The New Haven-area economy, which for much of 2017 has fared better than the state as whole, is showing some weakness when it comes to the housing sector, according to the latest edition of the New Haven Register’s economic scorecard.

Seven of the eight economic indicators that make up the scorecard were headed in a positive direction. Donald Klepper-Smith, chief economist and director of research for New Haven-based DataCore Partners and author of the scorecard, said the only indicator headed in a negative direction is housing starts, which were off by 30 percent in September compared to the same period a year ago.

“With the job recovery rate being what it is, we’re sort of muddling along here,” Klepper-Smith said of the New Haven area’s housing indicators. The median single-family home price increased by $7,000, or a little more than 5 percent.

The New Haven area saw total employment and its labor force grow slightly. Total employment in the region was up by 1.2 percent while the labor force grew by 1.1 percent.

“Neither one is going gangbusters,” he said.

Despite weakness in the housing and employment indicators, consumer confidence grew by 36 percent. Some of that confidence is likely due in part to gains made in the stock market, according to David Cadden, a professor emeritus at Quinnipiac University’s School of Business.
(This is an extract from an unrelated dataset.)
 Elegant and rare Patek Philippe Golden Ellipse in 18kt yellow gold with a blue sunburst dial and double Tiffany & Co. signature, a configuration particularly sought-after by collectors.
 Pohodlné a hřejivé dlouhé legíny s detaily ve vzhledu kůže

“With a rising stock market, people are still convinced we’re doing well,” Cadden said.

But while stock market gains have bolstered consumer confidence, a recent survey released by the Connecticut Business & Industry Association suggests there is no reason to expect significant employment growth going forward.
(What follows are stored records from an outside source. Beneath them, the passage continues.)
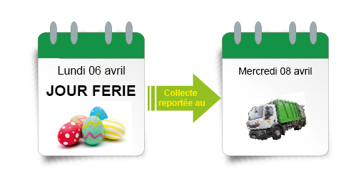 Vous trouverez ci-dessous l'organisation de la collecte pour le jour férié du Lundi 6 avril 2026.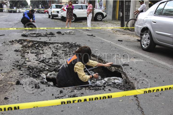 MÉXICO, D.F., 24MARZO214.- Personal de Protección Civil de la Delegación Cuauhtemoc, realiza trabajos de resguardo de un socavon que se registró en Rio Panuco entre Rio de la Plata y Circuito Interior. FOTO: SAÚL LÓPEZ /CUARTOSCURO.COM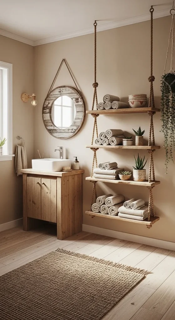 A rope and wood hanging shelf system introduces a creative and decorative approach to towel storage. This design combines wooden planks suspended by durable ropes, creating a floating shelf effect with a handmade aesthetic. It is often used in rustic or bohemian-inspired bathroom decor where natural materials are emphasized. The structure is lightweight yet functional, providing storage for rolled or folded towels while adding visual character to the space.

CBIA’s 2017 Third Quarter Economic and Credit Availability Survey found the number of business executives who expect the economy to take a turn for the worse in the coming months increased from 14 percent during the second quarter of this year to 24 percent in the third quarter.

The number of companies that expect to add jobs in the coming months decreased slightly from the second quarter. Twenty-one percent of company executives who responded to the third-quarter CBIA survey said they expected to hire workers in the immediate future, compared to 23 percent during the second quarter.

The percentage of companies that expected to impose layoffs in the future grew from 12 percent in the second quarter to 17 percent in the third quarter.

Klepper-Smith said the final months of 2017 and the beginning of 2018 “are a critical period” for the New Haven-area economy.

“We’re starting to get clues, some red flags, that we may be teetering on the edge of a recession,” he said.